In her response, Commerce Minister Nirmala Sitharaman has said the government feels “motivated” to work towards meeting the prime minister’s realistic target and that the World Bank did not consider a few critical reforms steps that have been undertaken after the June 1 deadline set by the Doing Business report. And the World Bank has assured the government that ongoing initiatives – the bankruptcy law, transparency through auction of natural resources, online processes in tax compliance, the potential of the goods and services tax – will be considered in the future. There is some merit in this line of thinking, but it still does not explain why it is still easier to start a business in Swaziland, Botswana, Gabon, Malawi and Cameron. Or, why with a ranking of 172, India trails Congo, Papua New Guinea and Benin in enforcement of contracts. South Sudan, which became a country in 2011, ranks 73 — roughly 100 spots above India. In paying taxes and trading across borders, India ranks 172 and 143, respectively. 

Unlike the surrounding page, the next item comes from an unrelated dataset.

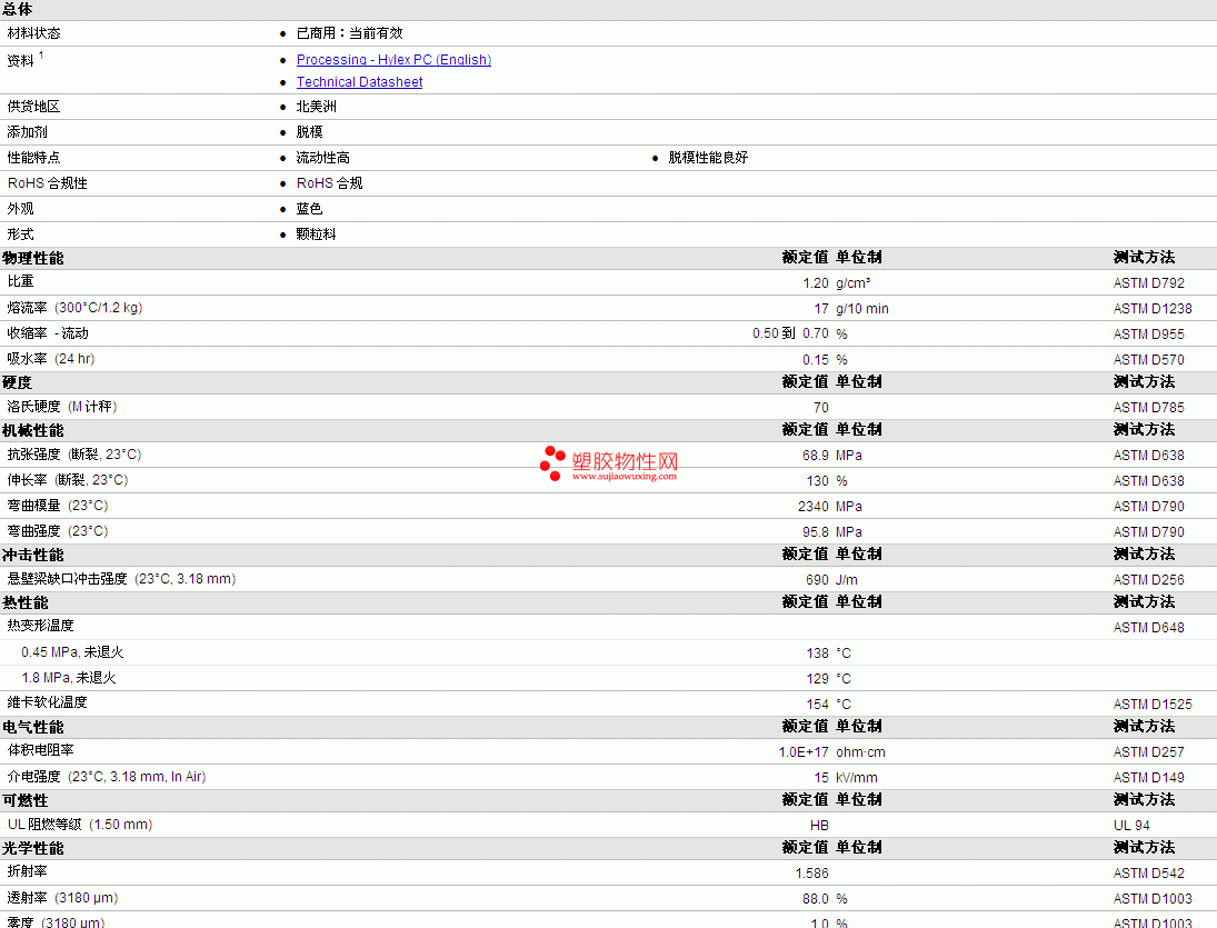 Hylex PC P1017L 2HB 物性表 如图

What is happening in the states is not a pretty picture either. In September last year, the government had unveiled a report, titled “Assessment of State Implementation of Business Reforms”, which was the first ever ranking of Indian states based on levels of compliance to the 98-point action plan under the “Make in India” initiative started in 2014. The results were disappointing: Between January and June 2015, the period under consideration, not a single state had achieved even 75 per cent implementation. Worse still, 25 out of the 32 states and Union Territories failed to even accomplish 50 per cent of the regulatory set-up required. The worst performers included some of the biggest and most populous states, such as Uttar Pradesh, Bihar and Maharashtra, further underscoring the demographic challenge. In “getting electricity”, for example, where India has improved the most, the fact is that this is based on data only for Delhi. If the entire country was considered, the top 50 target set by the prime minister would have looked even more remote.

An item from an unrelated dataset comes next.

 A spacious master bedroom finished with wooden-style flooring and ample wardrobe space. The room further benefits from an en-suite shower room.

By 2020, India will have 900 million people in the working age group, with an average age of 29 years. It is abundantly clear that employment for such large numbers can only be generated if private entrepreneurs are convinced it is worth doing business in India. Instead of desperately hoping for an unexpected bounty in next year’s World Bank report, Indian officials would do well to give up their ticking-the-box approach and get real.